Dançar para os outros é uma loucura para mim: eu que me encostava nas paredes na adolescência, eu que mexia a garrafa de cerveja para fingir desinteresse na pista das baladas, eu que era travado e de pernas duras, incapaz de sambar sem olhar para os pés.

Em um único movimento de mãos, com seu gesto de bandeja “Vem fazer uma performance!”, Katy desafiou todo o meu passado, todas as minhas amarras, todas as minhas fobias.

– Performance? Que performance?, questionei.

– A que vamos inventar – ela respondeu.

O salão abriu para nos assistir. Tremia, mas fechei as pálpebras com a consciência de uma boca.

Ela colocou nossa música, “O Último Dia”, de Paulinho Moska, e me puxou com força.

Rodopiamos, descemos os joelhos, ela confiava em mim, ela dançava simples e fácil, como o vento é simples e fácil a uma criança – pegava impulso para o balanço e chegava o mais próximo possível das traves.

Jogava os cabelos para trás e me adivinhava. Seus braços eram pernas, suas pernas eram asas enraizadas em minha cintura, voei com os ouvidos.

O ritmo recebia apenas uma breve trégua dos lábios ou do rosto roçando, para o torvelinho nos arremessar de novo aos lados. Não concebia se aquilo que fazíamos era dança ou patinação artística.

Não encarava mais ninguém, o apartamento foi esvaziado pelo nosso desejo de se pertencer, de não ser ninguém para ser dois.

Celebrávamos o amor, nos oferecíamos ao amor, amadores e espontâneos em cada movimento, viscerais e intuitivos, animais que confundem fome e pressa.

No final da canção, ela se curvou e não estava próximo para segurar sua cintura. E caímos com violência no chão.

Só deu tempo de deixar meu dorso como travesseiro de sua cabeça.

Enquanto os amigos acreditavam que havíamos nos machucado, descobríamos que havíamos nos curado.

Deitados no tapete, gargalhamos da ensurdecedora queda. Porque a queda é também improviso. A queda é onde acontece o melhor abraço. O mais humilde abraço.
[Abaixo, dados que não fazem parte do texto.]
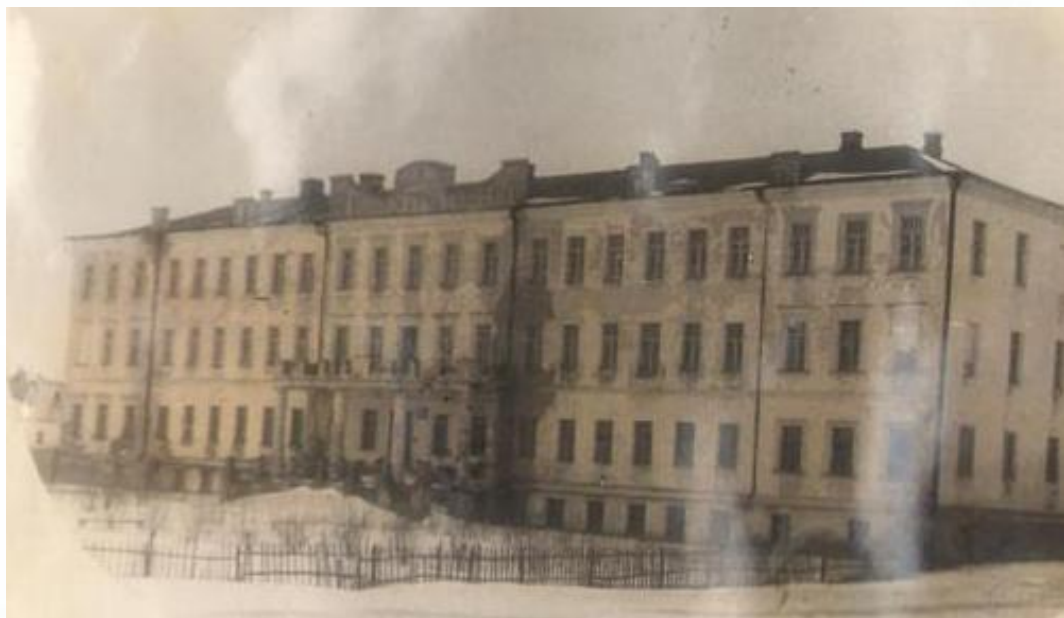
Здание до ремонта, 1948 год

Трудно было восстановить разрушенное во время войны здание, отведенное под техникум, преобразовать для занятий аудитории, помещенья для жилья студентов и преподавателей.

O mais sincero abraço.

Naquele momento antes de subir e finalizar a coreografia, lembrei de nossa conversa durante o primeiro beijo.

Eu tinha dito com orgulho “Somos muitos!”, quando ela me corrigiu “Temos que ser menos, cada vez menos, até ser um só”.

Em uma noite, aprendemos a cair juntos, a nos levantar juntos, a matar o medo do vexame.